In 2012, Lamb of God remain the pre-eminent metal band and not by default, either. The scene is still healthy, even if some of the peers who stood shoulder-to-should with them during that period of growth have fallen by the wayside. Lamb of God still reign atop of the genre, thanks to their consistent ability to feed fans with only the best extreme metal there is. Their seventh album Resolution finds the band firing on all cylinders and doing things their way. As if we’d expect anything less from this Virginia wrecking crew.

With a rich history that includes three Grammy nominations, an invitation to tour with Metallica (which they did in 2008 through 2010 on the World Magnetic trek); debuts in the Top 10 on the Billboard Top 200 (2009’s Wrath debuted at No. 2 while 2006’s Sacrament debuted at No. 8); multiple Platinum-selling DVDs (Killadelphia and Walk With Me in Hell); an arena tour with Slipknot (which took place in 2005); the main stage of OZZfest (2006) and wearing the fact that they were banned in Los Angeles (the Forum had a problem with their name and booted them off the bill of two shows, one with Slipknot and one with Metallica) as a badge of honor, there’s no question that Lamb of God rule the metal roost. Everyone else is left to watch and marvel, and choke on their dust. They’re not resting on past successes or what they’ve done, though. For Lamb of God, what happened in 2002 happened in 2002. It’s about the right now and what’s next and that’s Resolution.

With Resolution, Lamb of God emerge for their haven in the South as powerful, as hungry and as extreme as ever. While most bands are running on fumes or coasting and sputter to album No. 7, Lamb of God are reinvigorated. They still have something to say and more to prove… to themselves and no one else. This sonic terror squad has come along way from playing squats in basements as Burn the Priest, but there is one constant: the instinct to make legit, honest music their way and that’s just what they’ve done with Resolution.

“The first and foremost thing that you have to realize about LOG is that we do exactly what we want, when we want, and how we want to,” declares vocalist Randy Blythe. “We always have and we always will. That’s why each record is a snapshot in time. We never consciously sit down and say ‘We’re going to keep it heavy. We’re going to keep it metal.’ We just do that because that’s what we want to do. If we felt like putting out a polka record tomorrow, we would. We’re trying to make ‘smart’ heavy music.”

Point taken and mission most certainly accomplished with Resolution, a 100 percent trend-free and intelligently constructed album that could power a small country with its unstoppable energy and potent riffery. In a scene littered with “here today, gone tomorrow” bands, Lamb of God have survived because nothing stops them from staying the course they’ve purposely chosen to embark upon. They’re not here to collect a check or respond to a label exec’s request to pen a “radio song.” It’s none of the above for Lamb of God. The men that comprise the band are a little older, a lot wiser and have families to support. Yet despite all those realities, making this music and making it their way is something that compels them, drives them and sustains them.

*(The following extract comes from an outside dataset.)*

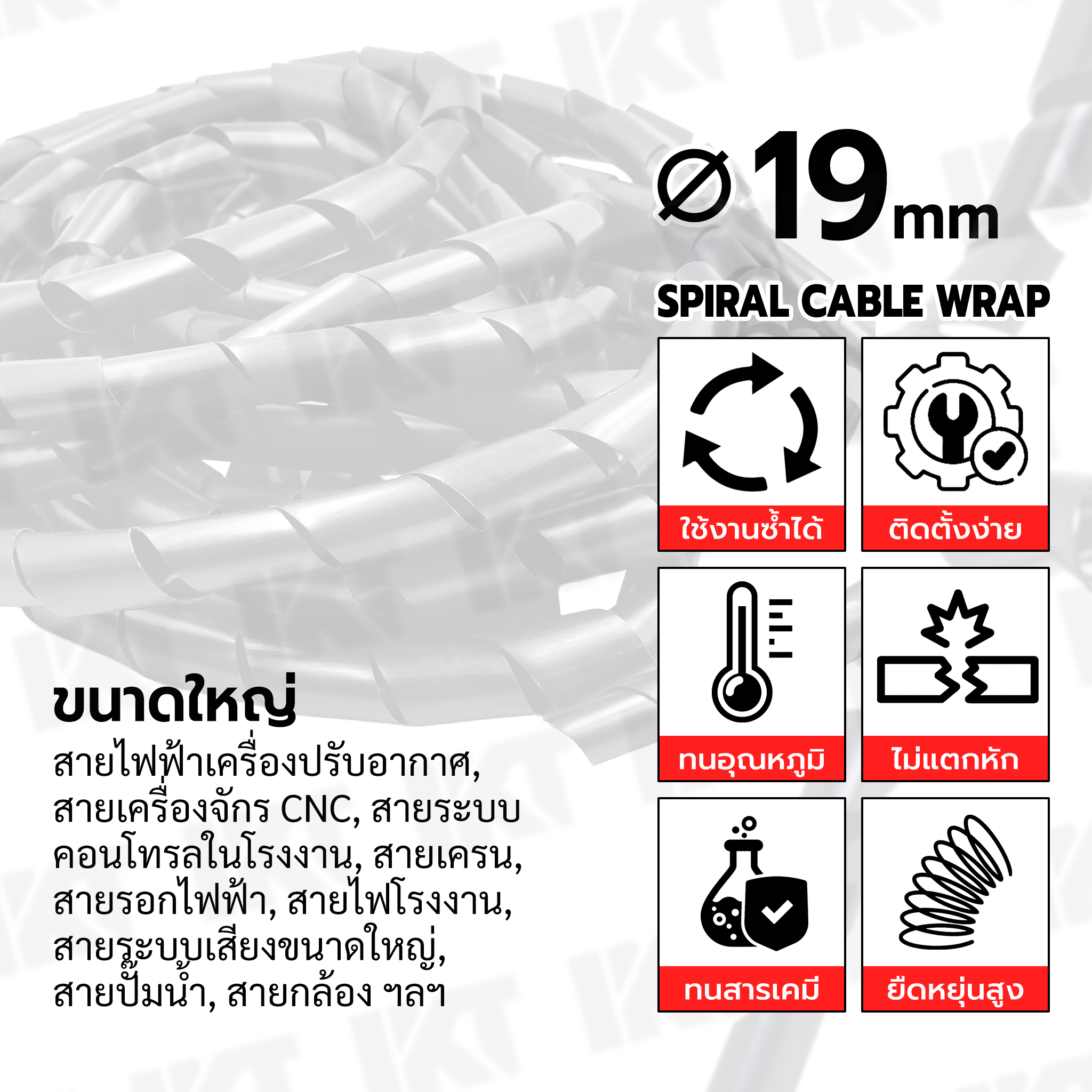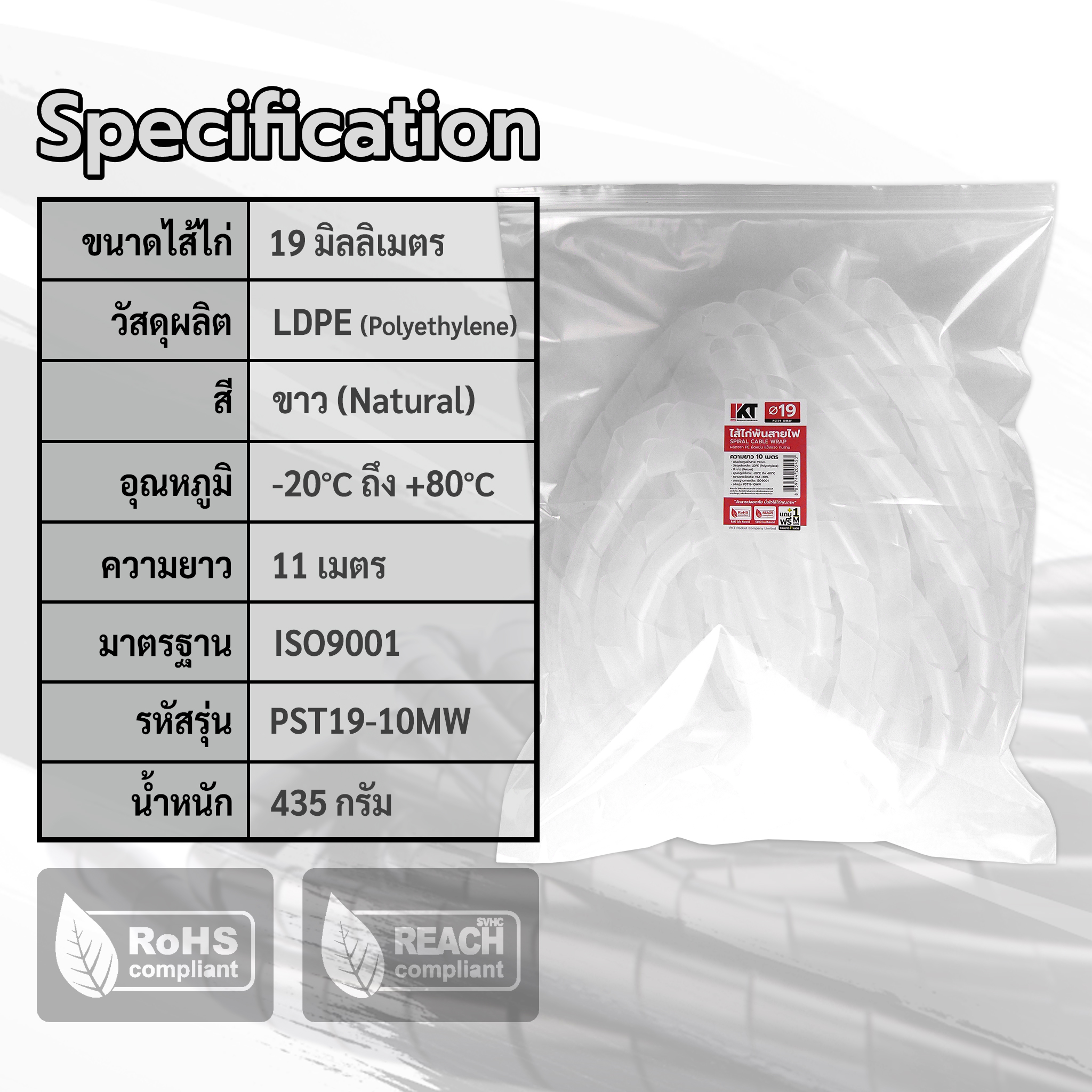 ไส้ไก่พันสายไฟ PKT ขนาด 19 มิลลิเมตร (เบอร์ 19) สีขาว ความยาว 10 เมตร แถมฟรี! อีก 1 เมตร ใช้สำหรับจัดเก็บ รวบรวมสายไฟ สายสัญญาณ หรือสายคอนโทรลหลายเส้นให้เป็นระเบียบในหนึ่งเดียว ผลิตจากพลาสติก LDPE คุณภาพสูง ใช้งานง่าย มีความยืดหยุ่น น้ำหนักเบา และทนต่อการเสียดสี ไส้ไก่เก็บสายไฟ แบบอ่อน ขนาด 19 mm. สีขาว เหมาะสำหรับ สายไฟฟ้าเครื่องปรับอากาศ, สายเครื่องจักร CNC, สายระบบคอนโทรลในโรงงาน, สายเครน/รอกไฟฟ้า, สายไฟโรงงานเบอร์ใหญ่, สายระบบเสียงขนาดใหญ่, สายเครื่องมือแพทย์, สายพลังงานแสงอาทิตย์, สายปั๊มน้ำ, สายกล้อง Broadcast
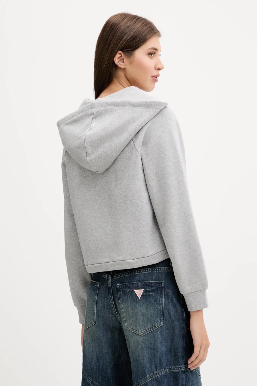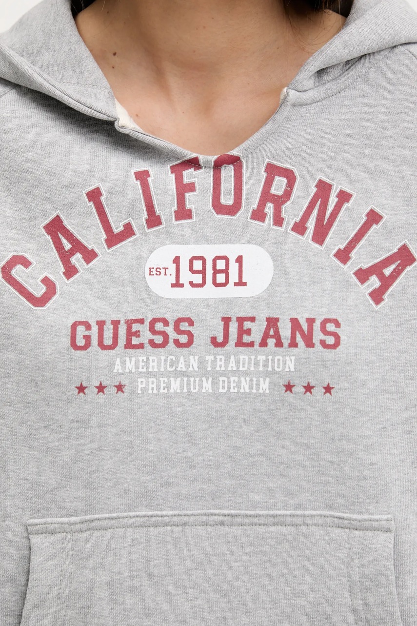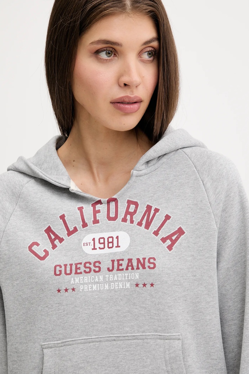 Guess Jeans bluza bawełniana damska kolor szary z kapturem z nadrukiem W5YQ14 KCPR1

“You can still be a band that goes to the practice space, actually writes music together and then records. Being an actual band is still a viable option,” Blythe says. “Bands are disappearing with digital recording today. Things are progressing to the point where people are just playing a riff or pattern and programming the drums, and at the end of the day, they have a technically perfect record, but it isn’t a real record. We didn’t do that. Our record is a REAL record.” Indeed, there is blood and adrenaline coursing through every vein of Resolution and its pulse will be felt by all who listen. It’s an incredibly human record.

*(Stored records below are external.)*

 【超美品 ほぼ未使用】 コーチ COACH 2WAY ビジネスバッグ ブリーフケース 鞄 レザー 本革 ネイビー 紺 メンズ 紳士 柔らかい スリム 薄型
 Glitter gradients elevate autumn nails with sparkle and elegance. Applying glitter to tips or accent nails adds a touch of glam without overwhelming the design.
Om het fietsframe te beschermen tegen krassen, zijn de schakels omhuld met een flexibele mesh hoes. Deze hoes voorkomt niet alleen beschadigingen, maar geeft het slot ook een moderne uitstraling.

“We’re not spitting out a Lamb of God template record,” guitarist Mark Morton says. “If it’s uninspired or you have nothing left to say, you stop. We’re all putting other things in life off to do this, and we’re not going to do it if gets boring to us. It’s still exciting on our seventh studio record. We’re still gaining momentum and getting better.” That’s not a quality you come across often with aggressive bands. Playing physically taxing music at full tilt leads to wear and tear on the body and the mind, but Lamb of God are not affected by such issues. They’re like mutants made stronger by challenging themselves. While 2009’s Wrath was sonically forceful enough to shift tectonic plates, Resolution finds the band knocking out their songs with the signature groove and swagger that made them heir apparent to Pantera’s throne –an accolade left at LOG’s doorstep by critics over time– but with a little more refinement and attention to dynamics.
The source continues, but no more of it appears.